There was a survey recently, printed by Ecologist magazine, on the little annoyances which render modern life more ugly. While some of the annoyances cited were a little surprising - even I cannot get irritated by bagged salad - and some, like the mobile phone, were highly debatable, the inclusion of junk mail seemed only right and fitting, writes Ann Marie Hourihane
If you live in suburban Dublin the past seven days might have brought you more printed material than you would have ever thought necessary: takeaway food - six items; new cars - three items, although one brochure was intended for a neighbour; home insulation - two copies of the same brochure on double glazing (I know we have our rows, but we do manage to pool most of our reading material); home insurance - one; affordable local cleaner (typical hourly rate, it said, €14.95); buying storage space in someone else's building (units from only €10, sounds interesting); an offer to provide a fresh approach to selling our home (no thanks); the B&Q advice on going green - amusing in itself; an advertisement for an art gallery; encouragement to switch current accounts to Ulster Bank; news from one of our TDs, bless him; and three requests for our old clothes, so that we might send them to Asia, Africa, Ukraine and something called Children's Foster home, Organisation 195220531.
I see now that this list is not really typical. There is only one message from a bank, for a start.
Also it is uncharacteristically short - perhaps due to the cessation in hostilities brought about by the bank holiday weekend.
Still, a 10-minute trip to the shops yesterday meant coming home to the two brochures on double glazing and a message which announced, rather spookily, that collection day was Friday.
I tried to explain to the man who was delivering the clothes message that we did not want any more of them - ever - but he explained apologetically that he did not speak English, and left me gibbering on the pavement.
One can only hope that he is being paid wages which reflect the organisation's philanthropic philosophy.
It's bad enough when you work from home, and spend your day sweeping unwanted bits of paper from your letterbox - you know, I could make a mess of my own hall if I felt like it.
But there is something peculiarly desolate about arriving home from a long day's work and having to push your front door across advertisements for ciabatta pizzas, whatever they are.
It is a truism of modern Ireland that suburban areas are deserted during the day, that nothing moves in the suburbs until the exhausted toddlers of the nation stumble home from the creche, longing to launch into the wine.
How happy the commuter family must be, then, to see its letter box jammed open to the elements (so much for the double glazing), advertising to the world that the commuter family is not at home for perhaps 13 hours a day.
This is to say nothing of the apartment dwellers, whose mail boxes are also often plainly visible from the street, spilling over with the junk mail that lets everybody know the occupants are not at home.
You don't have to be channelling Victor Meldrew - although I seem to be doing a damn fine job - to wonder who benefits from this constant stream of waste paper.
Although I personally find it interesting that B&Q is selling a wallpaper called Obsession (quite pretty), it would also be interesting to know how much of this unsolicited mail is ever read before it is automatically carried to the recycling bin, or used to start the fire.

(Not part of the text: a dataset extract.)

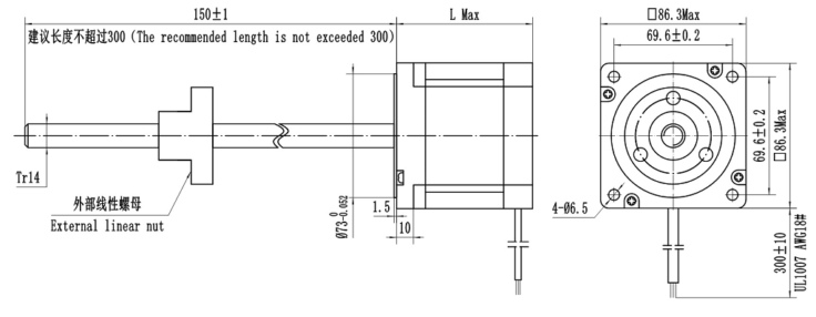 2、根据客户使用的不同直线速度和推拉力,选择合适的电机机身以及螺杆规格(影响直线速度主因素是螺杆导程,如导程1mm,电机每旋转一圈就是螺杆运行1mm距离,关于直线电机负载可详细咨询我公司技术人员,以方便获取详细负载情况)
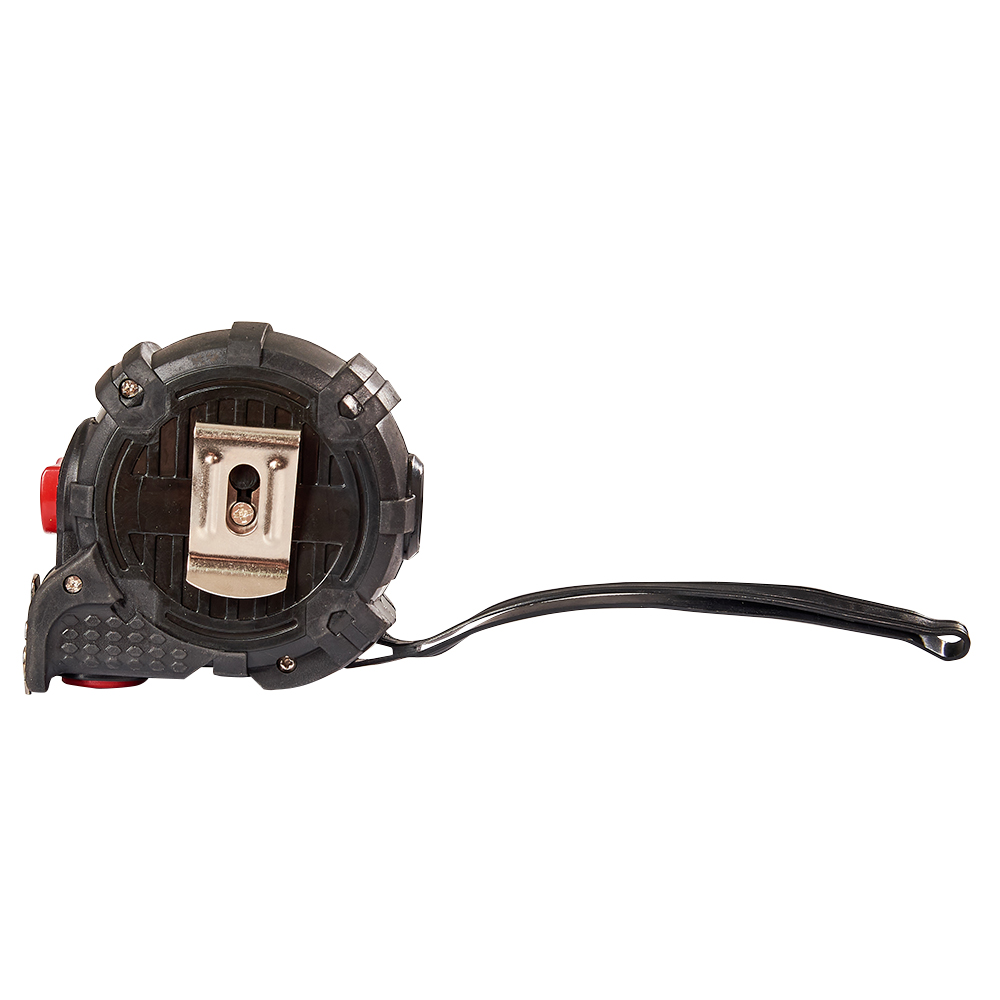 Металева кліпса дозволяє зручно носити інструмент на ремені під час роботи, а за допомогою тканинного ремінця можна носити рулетку також на зап'ястя.

It's not that we're opposed to marketing. One of my most beloved relatives works in direct marketing, so yes, our Christmas dinner is going to be particularly lively this year.
The problem with modern marketing is its genius at colonising the tiniest crevices of everyday life, so that any objection to it seems necessarily petty.
We live in a country where the national broadcaster has effectively sold the weather, having the weather forecasts sponsored by one company or another as it pleases.
But you can turn off the weather forecasts if you feel like it. Short of hammering barbed wire across your front door there doesn't seem to be a lot that you can do about junk mail.
And surely being a consumer includes the right to say no.
The thing is that in the marketplace right now it is assumed that every citizen is a willing customer unless he explicitly states otherwise. This, much more than the constant blizzard of advertisements we have become heir to, is something to be regretted.
So off we go to the Irish Direct Marketing Association website (info@idma.ie) only to be told, in a subsequent phone call, that the website is being updated. But you can have your name removed from the lists held by the IDMA's members by phoning 01 6610470.
The lists are revised every three months, so I'll let you know how I get on.